## Aim of the exercise
Transcribe the entries below word for word, beginning at the line with "Neuf babouins qui" and stopping after the line with "김치만두전골 10,000원, 만두버섯전골 10,000원, 물냉면 9,000원 등"; drop all pictures.

## Data supplied
* * * *

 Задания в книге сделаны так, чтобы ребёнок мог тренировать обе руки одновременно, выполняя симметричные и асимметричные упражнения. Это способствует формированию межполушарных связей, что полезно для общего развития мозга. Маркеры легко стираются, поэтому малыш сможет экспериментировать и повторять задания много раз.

* * * *

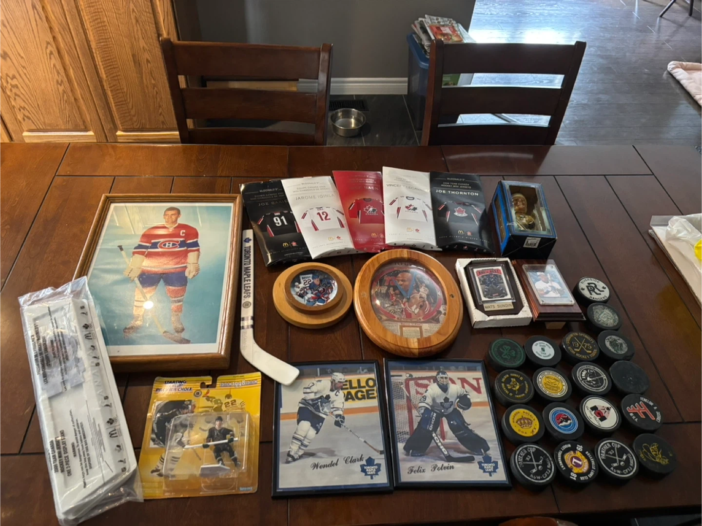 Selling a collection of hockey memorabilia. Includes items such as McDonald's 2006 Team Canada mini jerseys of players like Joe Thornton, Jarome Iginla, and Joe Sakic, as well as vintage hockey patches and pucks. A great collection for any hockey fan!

* * * *

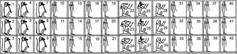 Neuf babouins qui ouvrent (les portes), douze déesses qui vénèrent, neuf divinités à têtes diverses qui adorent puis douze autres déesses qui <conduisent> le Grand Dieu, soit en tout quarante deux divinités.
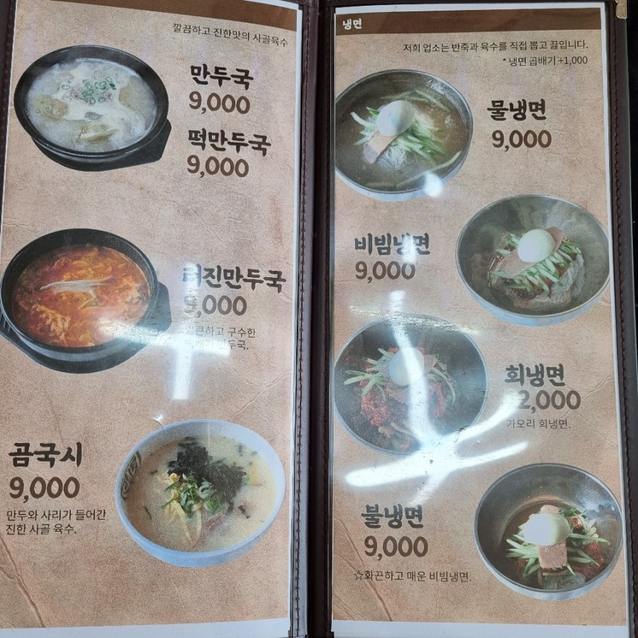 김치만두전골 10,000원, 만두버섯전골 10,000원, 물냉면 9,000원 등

* * * *

## Response area
 Neuf babouins qui ouvrent (les portes), douze déesses qui vénèrent, neuf divinités à têtes diverses qui adorent puis douze autres déesses qui <conduisent> le Grand Dieu, soit en tout quarante deux divinités.
 김치만두전골 10,000원, 만두버섯전골 10,000원, 물냉면 9,000원 등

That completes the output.